В душе моей все восстает против такой характеристики, но я решаю простить ему это, ведь после он сообщает:
– Ляжешь на кровати, а я на диване посплю.
С этими словами он уходит по коридору, крикнув оттуда:
– Туалет и ванная здесь.
Осматриваюсь.
Одна стена комнаты посвящена творчеству группы и коллекции гитар. Я в гитарах не бум-бум, так что сразу перехожу к изучению всевозможных рамок, висящих на стене. Здесь у нас обложки альбомов группы, и их ровно пять, а также фотографии, на которых Антон, группа и разные люди. На одной из них Антон в окружении скандирующих фанатов ЦСКА.
Хм…
– Есть хочешь? – раздается над ухом.
Подпрыгиваю на месте и разворачиваясь на пятках, хлестнув его по лицу синими кончиками своих волос.

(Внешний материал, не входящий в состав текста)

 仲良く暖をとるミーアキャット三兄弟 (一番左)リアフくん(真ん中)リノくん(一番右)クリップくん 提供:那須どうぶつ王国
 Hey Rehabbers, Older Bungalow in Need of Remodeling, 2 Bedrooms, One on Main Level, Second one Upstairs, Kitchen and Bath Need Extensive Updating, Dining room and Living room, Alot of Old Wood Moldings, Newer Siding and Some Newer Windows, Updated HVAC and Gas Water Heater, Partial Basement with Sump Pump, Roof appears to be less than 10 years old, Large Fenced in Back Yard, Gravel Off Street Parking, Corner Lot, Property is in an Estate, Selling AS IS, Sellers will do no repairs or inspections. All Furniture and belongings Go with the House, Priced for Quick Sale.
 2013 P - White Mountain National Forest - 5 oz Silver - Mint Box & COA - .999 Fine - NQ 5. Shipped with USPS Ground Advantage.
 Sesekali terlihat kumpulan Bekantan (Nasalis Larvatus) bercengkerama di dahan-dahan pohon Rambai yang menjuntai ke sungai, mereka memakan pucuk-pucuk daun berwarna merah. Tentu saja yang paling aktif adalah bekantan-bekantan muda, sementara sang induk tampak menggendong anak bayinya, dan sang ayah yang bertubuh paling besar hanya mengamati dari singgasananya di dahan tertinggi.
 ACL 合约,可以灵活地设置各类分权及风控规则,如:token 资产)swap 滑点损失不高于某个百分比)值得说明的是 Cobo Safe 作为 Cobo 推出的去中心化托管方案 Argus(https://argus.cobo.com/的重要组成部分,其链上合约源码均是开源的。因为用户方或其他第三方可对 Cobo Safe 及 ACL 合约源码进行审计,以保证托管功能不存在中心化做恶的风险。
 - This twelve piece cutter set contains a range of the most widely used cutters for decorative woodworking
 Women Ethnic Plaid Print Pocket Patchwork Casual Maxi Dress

– Мать твою! – вопит он и отходит на пару шагов. – Больно!
– Прости! – пищу я.
Как неловко. Мне явно не хватает сегодня очков. А он меж тем снял толстовку, и даже сквозь футболку я вижу, какой фантастический у него пресс. Скольжу взглядом по тату, которыми покрыты его руки. Ничего себе! Отсюда и не разобрать, так много там всего…
Когда возвращаю глаза к его лицу, оно насмешливое.
Но когда человек покрывает себя татуировками с головы до ног (я знаю, что на ногах они у него тоже есть), он не может не ожидать того, что люди будут на него пялиться.
– Больно, наверное, было, – спрашиваю я, имея ввиду его татуировки.
– Не больнее, чем по роже получать, – сообщает Бес.
Я это запомню. Возможно, когда-нибудь я решусь набить себе что-то маленькое и милое, такое девчачье.
– Ну, так… гхм… я пойду спать? – спрашиваю его, сама не знаю на что надеясь.
Вряд ли в таком состоянии он способен домогаться меня. А если бы смог?
Да? Нет?
– Ага, давай. Спокойной ночи, – говорит Антон и направляется к дивану.
Очень тихо сливаюсь, уверенная в том, что смогу найти вторую комнату в двухкомнатной квартире-студии. По дороге заглядываю в ванную. Кровать разобрана для меня, а на подушке лежит аккуратно сложенная футболка.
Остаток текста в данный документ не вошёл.